17. The method of claim 16, wherein the sample is selected from the group consisting of root, shoot, stem, bark, leaves, fruits, seed and an isolated microbial strain.

18. A method for identifying a nucleic acid sequence containing a marker for Ganoderma pathogenesis comprising the steps of:

(a) extracting DNA from a group of pathogenic and non-pathogenic Ganoderma strains;

(b) preparing whole-genome sequencing libraries of each of the pathogenic and non- pathogenic Ganoderma strain using the extracted DNA of step (a);

(c) sequencing the libraries from step (b) to form a plurality of sequencing reads;

(d) assembling the sequencing reads from step (c) to generate a backbone sequence for the pathogenic Ganoderma strain and a backbone sequence for the non-pathogenic Ganoderma strain;

(e) mapping the sequencing reads from step (c) from each strain to the backbone sequence of step (d) to perform comparative genomics to identify variant sequence(s);

(f) designing and preparing primers from the variant sequence(s) from step (e);

(g) applying the primers prepared from step (f) to DNA extracted from the pathogenic and non-pathogenic Ganoderma strains for DNA amplification and sequencing; and

(h) classifying the variant sequence(s) into those associated with the pathogenic Ganoderma strains and those associated with the non-pathogenic Ganoderma strains.

19. An oligonucleotide primer comprising a nucleic acid sequence selected from the group consisting of SEQ ID NOs: 124 to 369.
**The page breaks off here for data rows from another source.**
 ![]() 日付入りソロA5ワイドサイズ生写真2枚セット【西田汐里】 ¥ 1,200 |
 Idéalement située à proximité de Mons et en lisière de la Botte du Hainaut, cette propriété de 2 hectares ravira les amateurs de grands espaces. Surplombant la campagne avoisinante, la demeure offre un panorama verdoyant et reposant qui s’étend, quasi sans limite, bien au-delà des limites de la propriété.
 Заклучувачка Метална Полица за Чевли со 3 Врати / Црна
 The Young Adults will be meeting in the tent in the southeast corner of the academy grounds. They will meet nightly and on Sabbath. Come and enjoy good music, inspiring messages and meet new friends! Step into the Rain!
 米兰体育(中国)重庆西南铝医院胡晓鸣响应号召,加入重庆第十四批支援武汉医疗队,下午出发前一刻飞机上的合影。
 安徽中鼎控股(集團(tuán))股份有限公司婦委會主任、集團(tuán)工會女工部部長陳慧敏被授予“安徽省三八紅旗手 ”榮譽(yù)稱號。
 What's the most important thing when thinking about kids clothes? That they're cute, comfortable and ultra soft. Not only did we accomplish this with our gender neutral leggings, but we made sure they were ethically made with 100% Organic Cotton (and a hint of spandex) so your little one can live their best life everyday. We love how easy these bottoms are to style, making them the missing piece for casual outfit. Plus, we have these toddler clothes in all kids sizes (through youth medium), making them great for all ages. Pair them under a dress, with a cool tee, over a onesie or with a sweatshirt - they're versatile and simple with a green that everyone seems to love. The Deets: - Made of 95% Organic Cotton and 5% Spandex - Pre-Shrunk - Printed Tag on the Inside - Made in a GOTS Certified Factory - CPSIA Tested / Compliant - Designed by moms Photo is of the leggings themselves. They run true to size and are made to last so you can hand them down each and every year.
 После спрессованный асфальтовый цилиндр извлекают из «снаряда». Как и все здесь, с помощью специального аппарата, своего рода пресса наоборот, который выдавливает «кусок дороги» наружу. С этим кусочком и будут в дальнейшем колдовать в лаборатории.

20. A kit for use in the methods of any one of claims 1 to 18, wherein the kit comprises: (a) one or more primer(s) selected from the group consisting of SEQ ID NOs: 124 to 369 for determining the presence or absence of one or more sequences selected from the group consisting of SEQ ID NOs: 1 to 123;

(b) one or more container(s) suitable for sample collection;

(c) one or more container(s) suitable for sample processing;

(d) one or more reagents for sample processing;

(e) one or more buffer(s);

(f) one or more PCR reagent(s); and

(g) instructions for use in accordance with the methods any one of claims 1 to 18.